**What you are asked to do:** Within the listing that follows, reproduce exactly the lines starting at the line with "cama o sillón." and ending at the line with "signed and dated", inclusive, and only those. Pictures are dropped.
*** Exercise input
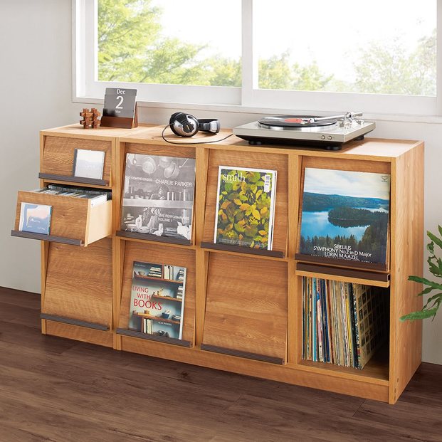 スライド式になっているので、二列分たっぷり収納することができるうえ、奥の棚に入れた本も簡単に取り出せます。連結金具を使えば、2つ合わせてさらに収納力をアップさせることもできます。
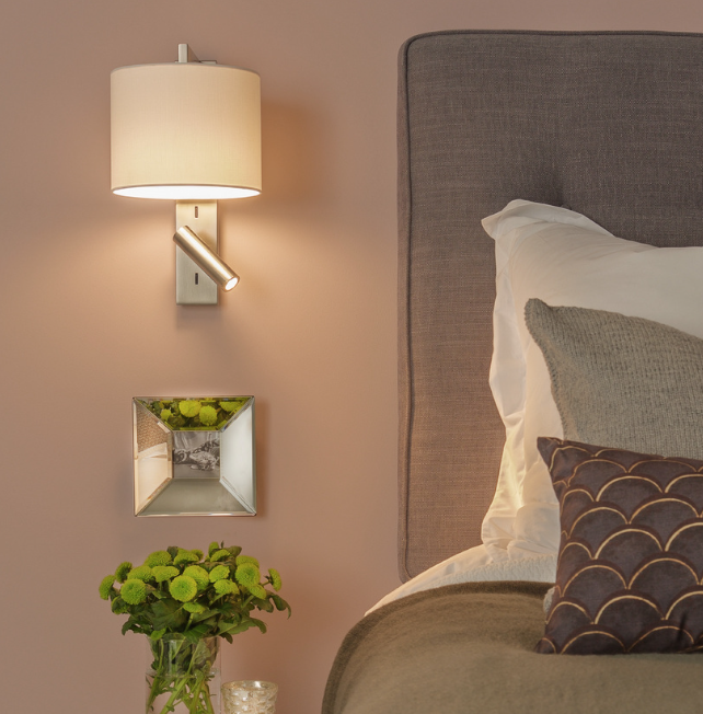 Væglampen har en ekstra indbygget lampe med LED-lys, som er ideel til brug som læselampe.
******
*** Exercise input
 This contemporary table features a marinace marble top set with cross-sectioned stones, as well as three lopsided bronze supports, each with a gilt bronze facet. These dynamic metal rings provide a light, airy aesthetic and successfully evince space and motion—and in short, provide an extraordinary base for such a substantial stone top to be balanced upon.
******
*** Exercise input
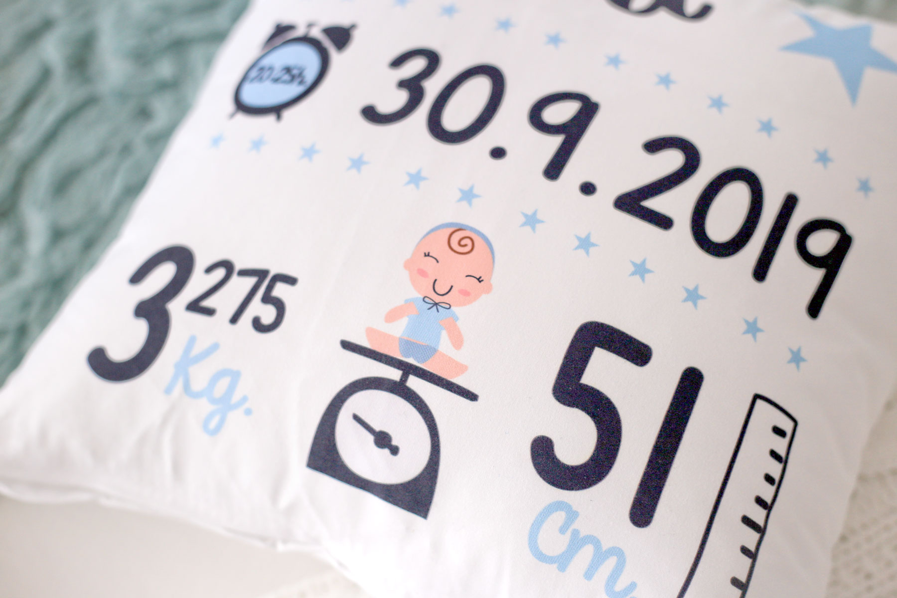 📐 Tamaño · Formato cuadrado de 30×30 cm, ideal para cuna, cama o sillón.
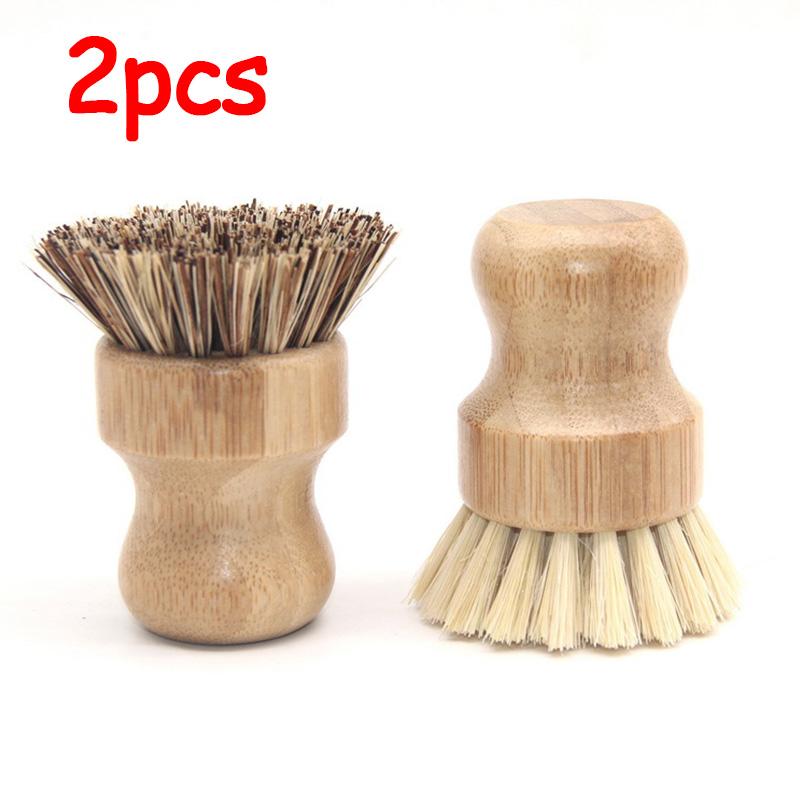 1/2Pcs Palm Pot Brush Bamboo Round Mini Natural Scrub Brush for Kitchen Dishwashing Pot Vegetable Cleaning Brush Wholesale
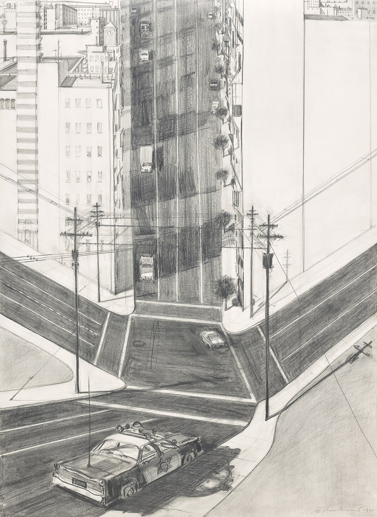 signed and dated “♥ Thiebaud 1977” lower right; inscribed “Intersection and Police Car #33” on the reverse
******
**Solution for this task:**
 📐 Tamaño · Formato cuadrado de 30×30 cm, ideal para cuna, cama o sillón.
 1/2Pcs Palm Pot Brush Bamboo Round Mini Natural Scrub Brush for Kitchen Dishwashing Pot Vegetable Cleaning Brush Wholesale
 signed and dated “♥ Thiebaud 1977” lower right; inscribed “Intersection and Police Car #33” on the reverse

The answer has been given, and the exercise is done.